**WHAT THE TASK ASKS**
In the records below, find the line containing "Lithographie Giessen, Ortsansicht". Output it and every line after it to the end, unchanged, with no pictures.

(Stored entries)
■ ■ ■

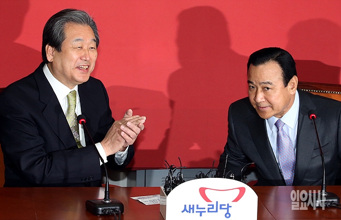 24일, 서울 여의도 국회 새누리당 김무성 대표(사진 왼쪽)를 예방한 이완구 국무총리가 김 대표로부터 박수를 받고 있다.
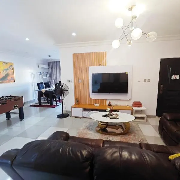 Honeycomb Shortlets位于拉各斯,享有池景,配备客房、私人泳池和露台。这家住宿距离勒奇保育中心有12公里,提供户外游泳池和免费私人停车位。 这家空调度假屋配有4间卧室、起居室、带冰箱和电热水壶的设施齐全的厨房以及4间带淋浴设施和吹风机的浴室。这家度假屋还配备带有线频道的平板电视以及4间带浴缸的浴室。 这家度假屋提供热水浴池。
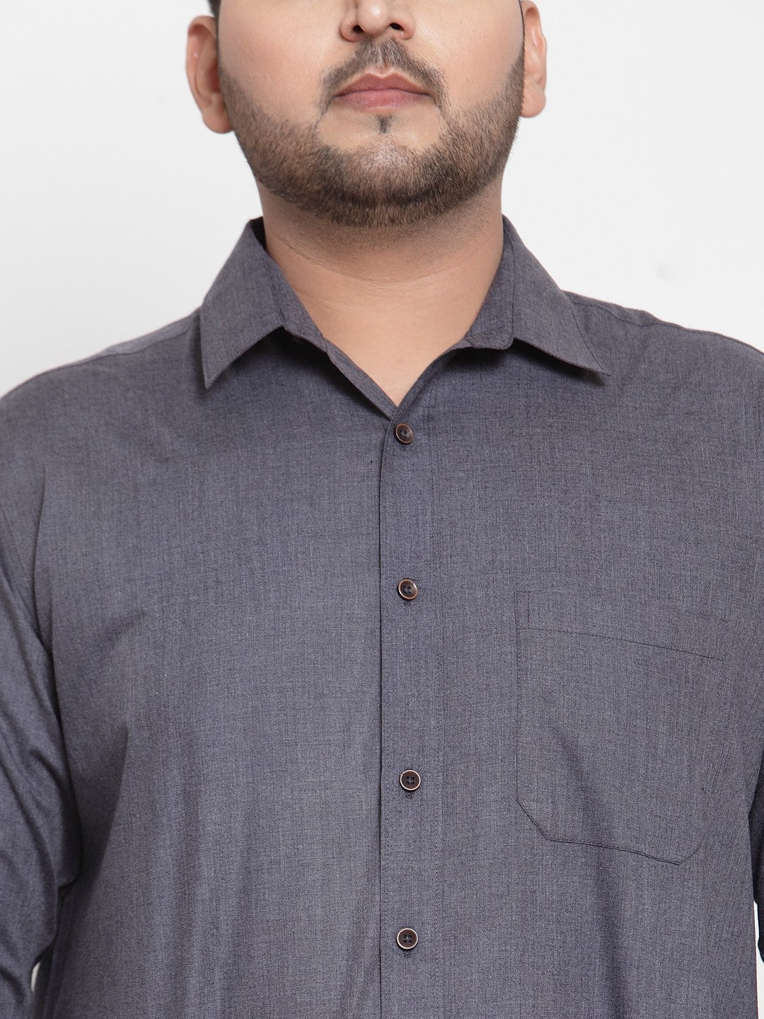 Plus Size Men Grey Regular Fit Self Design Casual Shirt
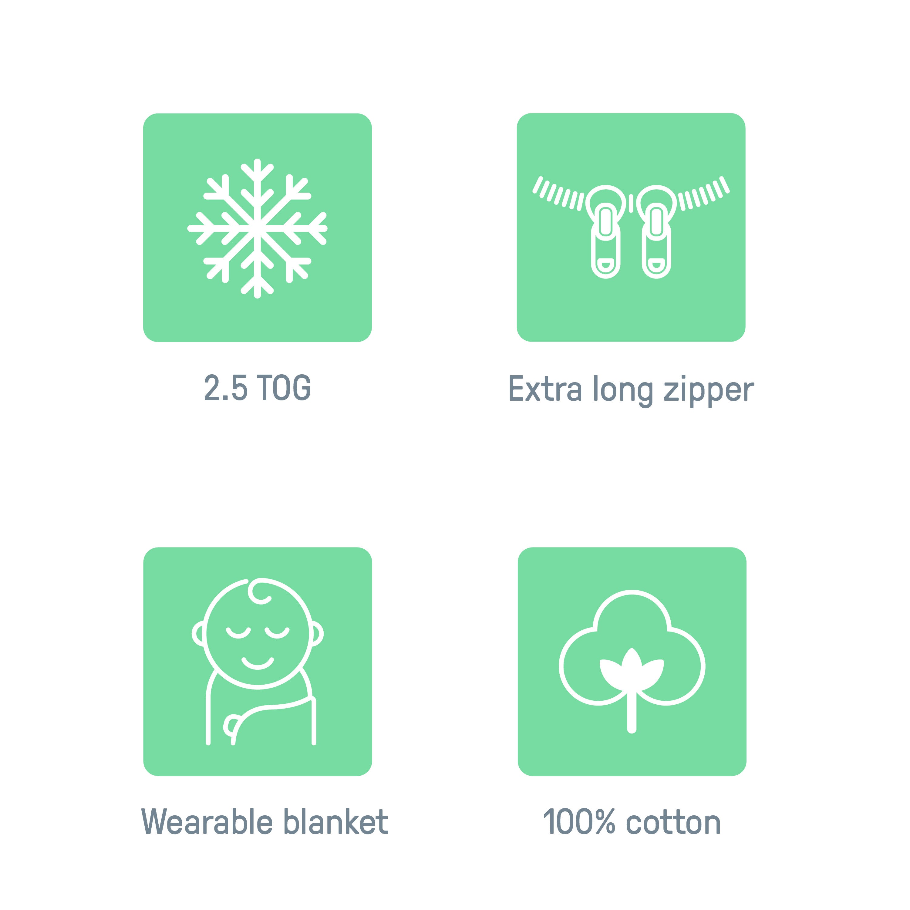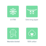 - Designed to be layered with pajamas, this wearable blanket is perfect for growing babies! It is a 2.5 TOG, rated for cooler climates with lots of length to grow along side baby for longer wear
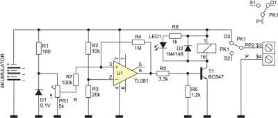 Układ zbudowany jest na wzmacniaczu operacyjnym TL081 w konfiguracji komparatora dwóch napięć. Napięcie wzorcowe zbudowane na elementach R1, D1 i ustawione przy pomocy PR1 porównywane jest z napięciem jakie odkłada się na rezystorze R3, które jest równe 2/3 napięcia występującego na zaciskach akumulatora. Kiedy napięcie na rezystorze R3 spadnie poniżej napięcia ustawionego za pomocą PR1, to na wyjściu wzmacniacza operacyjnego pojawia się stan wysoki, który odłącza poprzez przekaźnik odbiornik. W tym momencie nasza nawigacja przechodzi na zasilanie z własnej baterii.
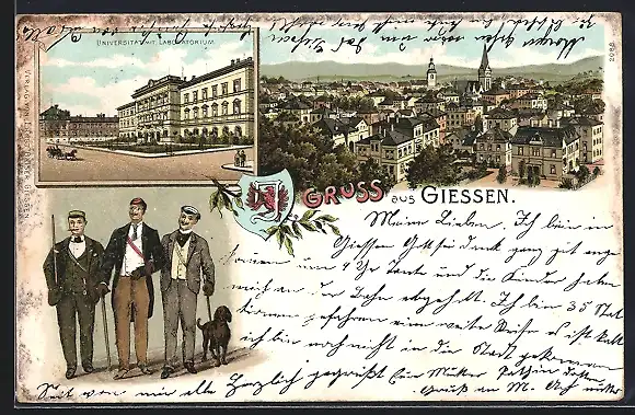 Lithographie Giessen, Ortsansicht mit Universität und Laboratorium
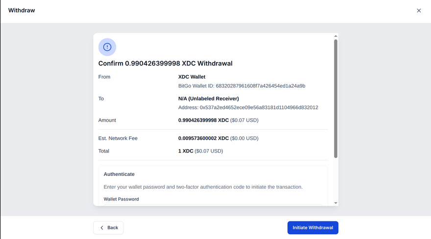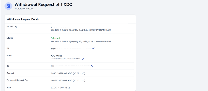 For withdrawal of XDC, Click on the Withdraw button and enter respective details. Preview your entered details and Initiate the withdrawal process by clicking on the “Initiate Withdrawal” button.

■ ■ ■

**REPLY**
 Lithographie Giessen, Ortsansicht mit Universität und Laboratorium
 For withdrawal of XDC, Click on the Withdraw button and enter respective details. Preview your entered details and Initiate the withdrawal process by clicking on the “Initiate Withdrawal” button.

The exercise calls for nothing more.